The first is in the first lyric:

There’s a lady who’s sure all that glitters is gold
And she’s buying a stairway to heaven.
When she gets there she knows, if the stores are all closed
With a word she can get what she came for.

You can’t buy a stairway to heaven – it’s something that’s earned.  Plant’s being snarky but he makes an excellent point.  We often don’t understand the value of some things or people because we’re looking at the next shiny object.  We also underestimate the work involved in achieving success.  It’s not something that one can queue up and buy – like the stairway, it’s earned.

The next is probably the more important lesson:

Yes, there are two paths you can go by, but in the long run
There’s still time to change the road you’re on.
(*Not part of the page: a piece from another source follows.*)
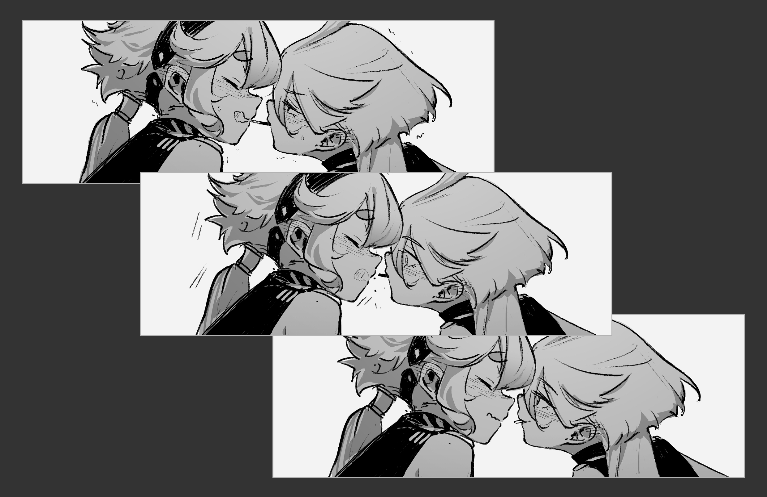 2girls ani_lu biting blush clenched_teeth closed_eyes comic ear_blush embarrassed face-to-face facing_another food food_in_mouth greyscale gundam gundam_suisei_no_majo half-closed_eyes highres leaning_forward long_hair looking_at_another miorine_rembran monochrome multiple_girls nose_blush pocky shared_food silent_comic smile suletta_mercury teeth trembling wavy_mouth yuri
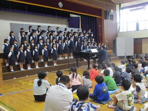 4時間目、体育館で全児童が集まり、西六郷少年少女合唱団と本校合唱部のミニコンサートを鑑賞しました。最後は全員で「世界中のこどもたちが」を歌いました。芸術の秋にふさわしいひとときになりました。

In other words, there comes a time when every business – and every business person – might need to stop, reassess, and change direction.  Conditions change, priorities change, and the people who are successful learn to change with them, modifying business models and career paths along the way.  That’s why, in my opinion, it’s a song of hope.  More importantly, it reminds us that business (and life) is a journey, and maybe that journey is every bit as important as the goal, which is where that stairway leads.

What do you think?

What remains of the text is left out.